After heavyweight Youssif Hemida lost his first round match at the Big Ten championships in early March, the senior — in his final ride with Maryland wrestling — embarked on a five-bout winning streak to conclude the tournament.
Hemida, the lone Terp to win at the conference championships, went on to notch a program-best third-place finish in the tournament, re-establishing himself as a formidable foe on the national stage after a four-bout losing streak in February.
Entering the NCAA tournament as the No. 10 seed, Hemida prepares to face Cornell’s Jeramy Sweany in the first round. And after earning All-American honors at last year’s NCAA tournament, Hemida has set his sights on becoming the Terps’ first national champion since 1969.
“It’s anyone’s to grab,” Hemida said. “The national championship is the big picture but I’m just focusing on myself and not worrying about anything else.”
After the tournament, Maryland coach Kerry McCoy will be stepping down from his post, concluding an 11-year tenure in College Park. McCoy and the Terps struggled mightily since moving to the Big Ten in 2014, going 1-44 in conference duals.
But McCoy, a two-time NCAA champion at heavyweight while wrestling at Penn State, believes Hemida is good enough to win it all. The senior’s third-place finish at Big Ten’s proved to McCoy that Hemida can win a string of matches.

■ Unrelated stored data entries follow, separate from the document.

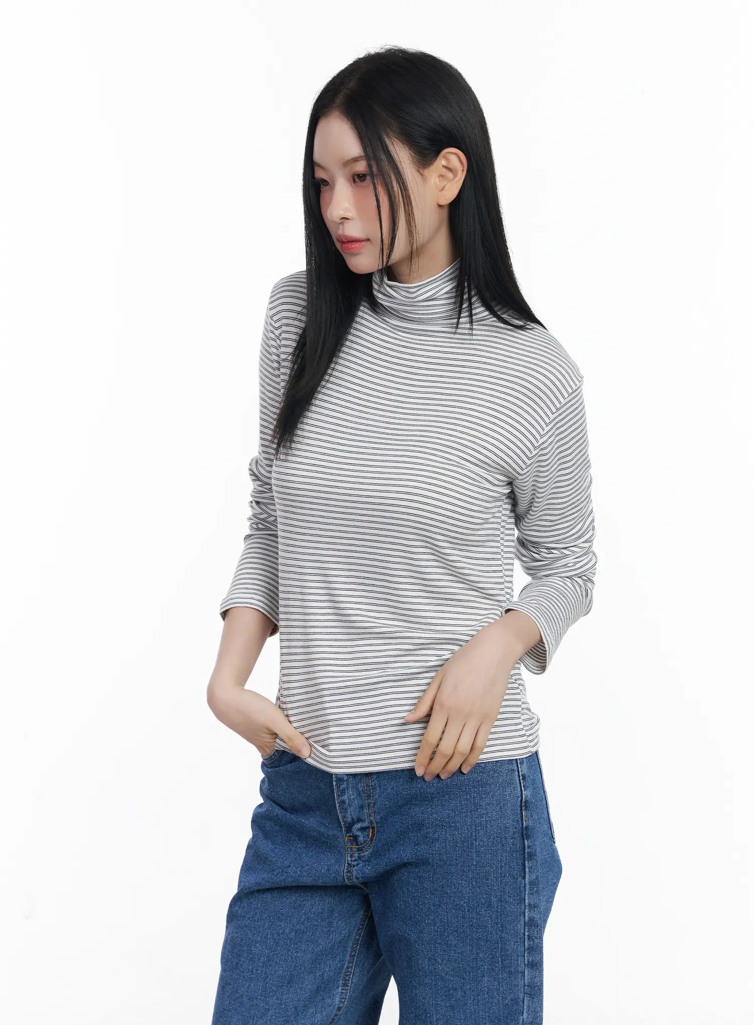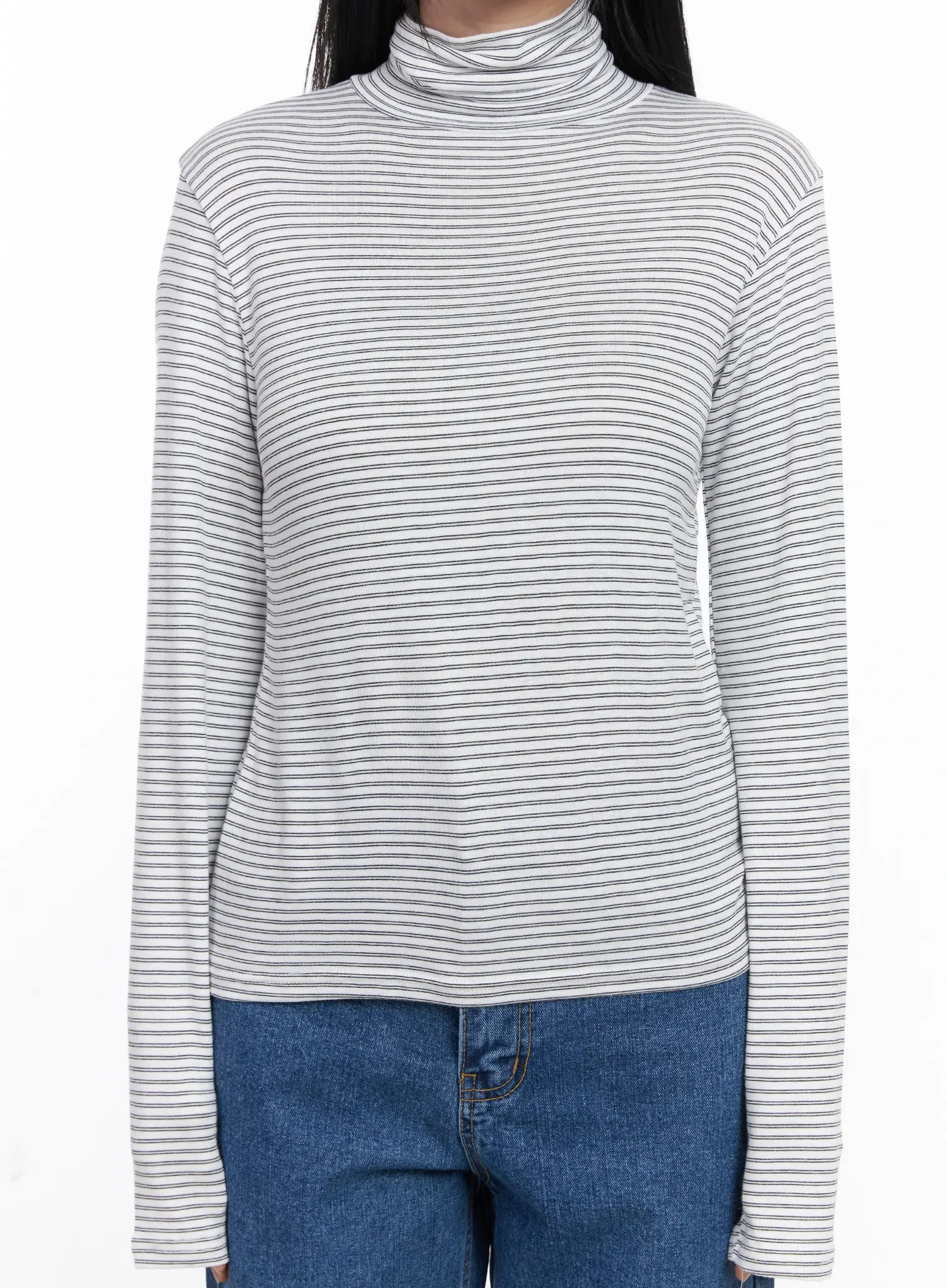 Striped Turtleneck Long Sleeve Top CJ519
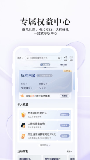 【精选】发现生活精彩,想你所想,一键直达海量精彩 【权益】专属权益中心,非凡礼遇、卡片权益、达标好礼,一站式享权中心 【聚惠民生】解锁聚惠全场景,活动日历、5折餐饮、尊享月卡,聚惠全能助手 【金融】随需而贷 账单管理一站式金融服务 【我的】管理账户信息,安全设置,支持版本切换,为客户的金融服务保驾护航 获奖情况: 2024中国银行保险报金融消费者权益保护优秀案例 2024银行家年度网络金融创新优秀案例 2024“数英奖•DAOY 年度奖”金融领域年度品牌称号 2023年中国网财经中国鼎金融业年度金融消费权益保护优秀案例 2022福布斯中国客户服务企业TOP 100 2022中国银联云闪付网络平台推广突出贡献奖 2022消费日报社消费市场行业影响力品牌 2020中国扶贫基金会杰出贡献荣誉 2020银行家杂志十佳金融科技创新奖 2020中国社会科学研究院金融研究所中国金融创新奖 2019中国人民银行年度银行科技发展奖二等奖 2019商业银行APP客户体验奖项评选活动创新奖 官网地址:http://www.creditcard.cmbc.com.cn 24小时服务热线:400-66-95568
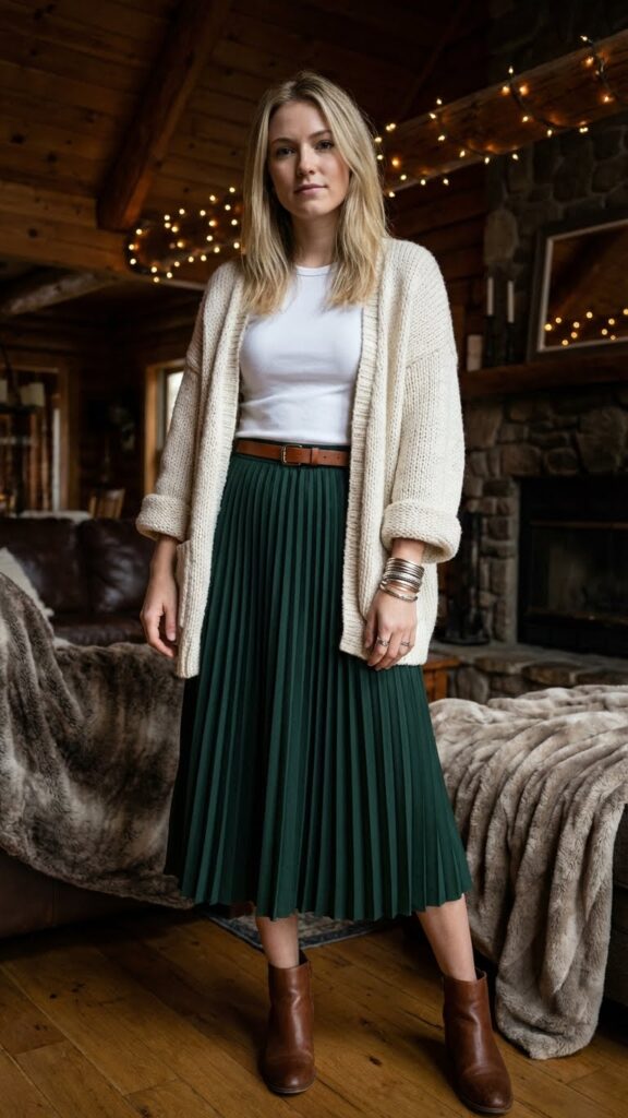 When winter weather calls for cozy layers, an emerald pleated skirt paired with a chunky cream cable knit sweater creates a stunning balance of sophistication and warmth.

Plus, a close overtime loss to Oklahoma State’s No. 1-seed Derek White at the NWCA All-Star Classic in November also showed how close Hemida is to the nation’s top wrestlers.
“[Hemida’s] right there with those guys,” McCoy said. “But you can’t overlook anybody. There’s 33 guys in the tournament and they’re all pretty good. … If [Hemida] wrestles to his ability, he can beat anybody in the country.”
Hemida dropped four straight bouts in February against top-10 Big Ten opponents. But from then on, he has only lost one match — the first round of the Big Ten championships — to gain momentum as his career winds to an end.
“I’m feeling good [about the NCAA tournament],” Hemida said. “I’m looking forward to getting a couple upsets.”
149-pounder Alfred Bannister was named an alternate for the national tournament and has practiced alongside Hemida all week. But barring an unforeseen change, it’s unlikely the senior will see any action.
So, as Maryland has done all season, the team will rely on Hemida to make a run in the NCAA tournament, attempting to end a 50-year drought without a national champion.
“He’s just got to take it one match a time,” McCoy said. “Don’t overlook anybody and don’t get too caught up in the process. Just go out there and wrestle.”